Se trate o no de un acto forzado, la cuestión es que el cuerpo sufre una sobreexcitación o sobreexposición a lo que está contemplando y eso fue lo que le pasó a Stendhal durante su viaje a Florencia ante la belleza del lugar y las obras de arte que admiró, tomándose su tiempo para meditarlo, reflexionarlo y después, escribirlo. De modo que esperó a que “se le pasara el efecto” con el objetivo de no verse influido y menos aún, sugestionado. Un acto, en mi opinión, muy loable por su parte. Por otro lado, hay quienes afirman que muchos sujetos adquieren cierta predisposición a la hora de sufrir los efectos que el síndrome de Stendhal provoca tanto en la mente como en el cuerpo. Pero entonces, ¿qué hay de esas otras personas con cierto grado de sensibilidad que se ven arrastradas a sufrir los síntomas sin querer, sin poder evitarlo? En este caso, me reafirmo ante la posibilidad de que algunos sujetos gozan de un canal más propenso a sentir ese tipo de alteraciones. Como si se tratase de una descarga eléctrica aunque más potente y sin poner en peligro al organismo. Y frente al estímulo de una escultura, una pintura, un edificio emblemático como puede ser una catedral o un lugar sagrado, una obra musical, literaria o audiovisual, nuestra mente y nuestro cuerpo reaccionan al unísono. Lo único que varía es el grado de sensibilidad que posea cada uno. Algunos sentirán cómo el vello se les eriza, mientras otros simplemente sentirán un nudo en el estómago ante lo que contemplan sus ojos.

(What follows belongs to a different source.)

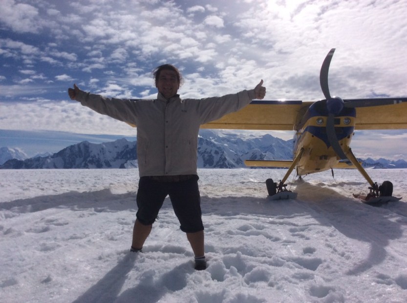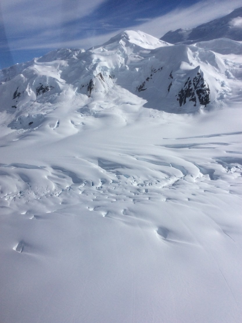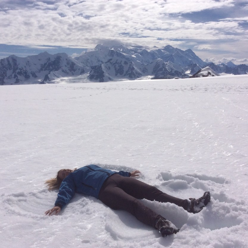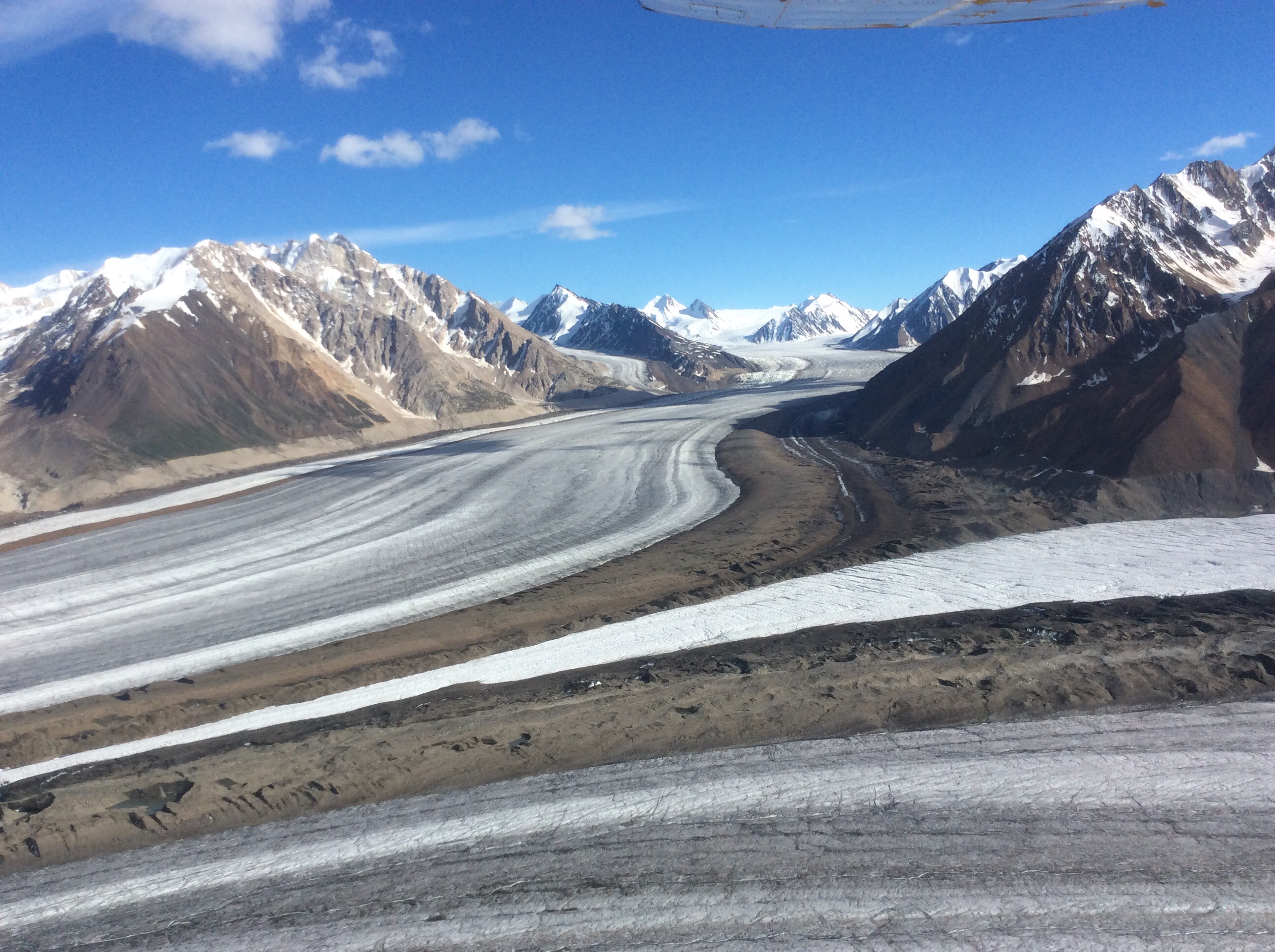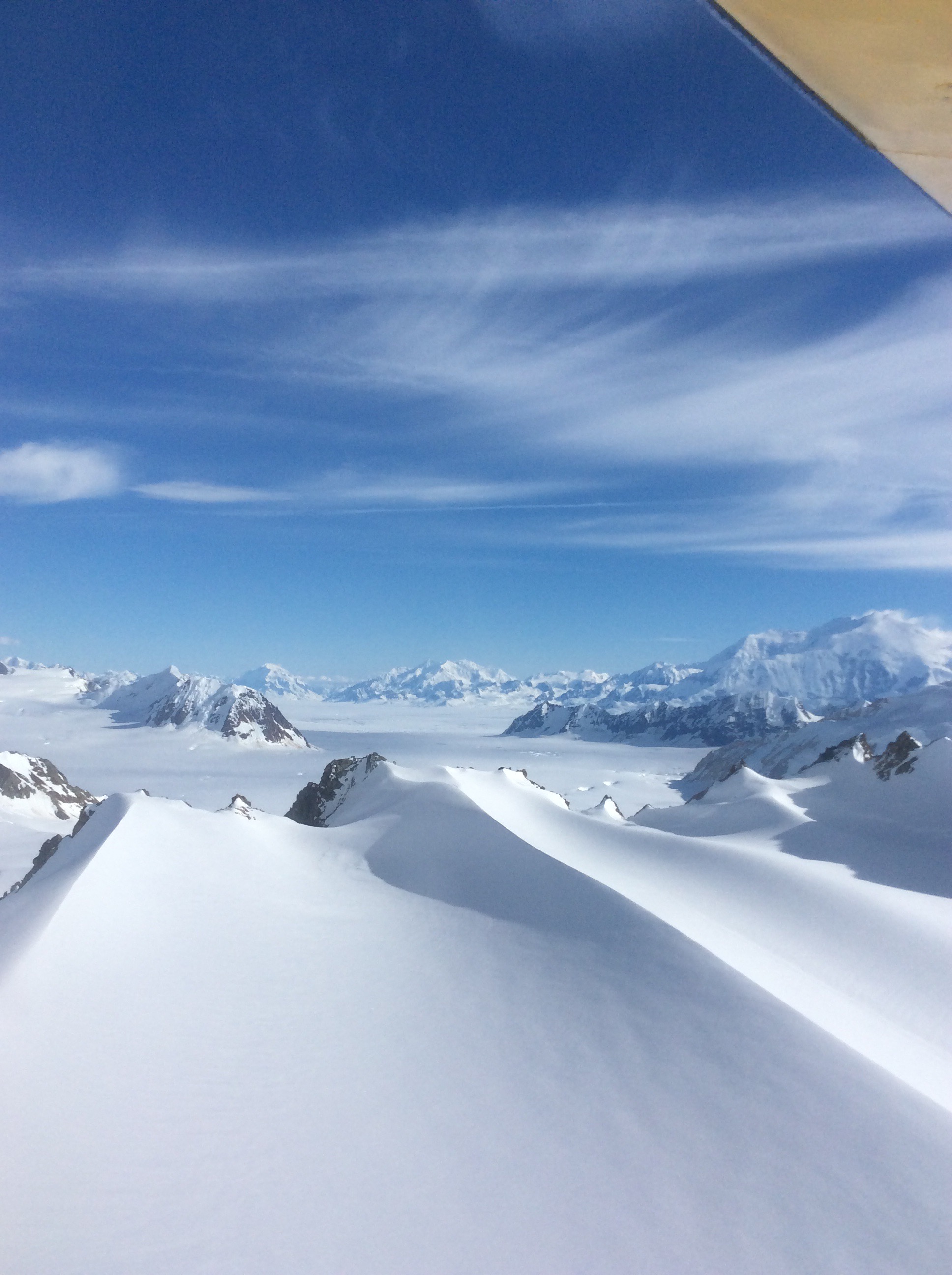Because today we took a flight from a small airstrip at Silver City, Kluane Lake, Yukon Territory, here in Canada. Our aircraft held a pilot and four passengers , and we flew over one of the largest non-polar glaciers on Earth, to land on the largest non- polar glacier on Earth, to look at Mount Logan, the largest mountain on Earth by girth, and the second tallest in North America and the tallest in Canada. On the way we saw the second and fourth tallest peaks in Canada. Your mother made a snow angel on the glacier, and words really cannot describe the feeling. We five were the only human beings standing for hundreds of miles in any direction.

En definitiva, reaccionamos al arte del mismo modo que lo hizo en su día Stendhal porque es una de las pruebas que necesitamos para sentirnos vivos. Realmente vivos y porque cada uno de nosotros gozamos de esa divinidad en nuestro interior por aquello que somos capaces de crear. Nos convertimos en demiurgos, en artesanos, en cualquiera de las artes que despeñamos. Ninguna otra especie puede hacerlo. Únicamente nosotros. Y la moraleja de esta historia es que no lo hacemos para nosotros mismos sino para los demás. Para el goce, disfrute y admiración por parte del visitante, del viajero, de la audiencia … O, simplemente, del lector.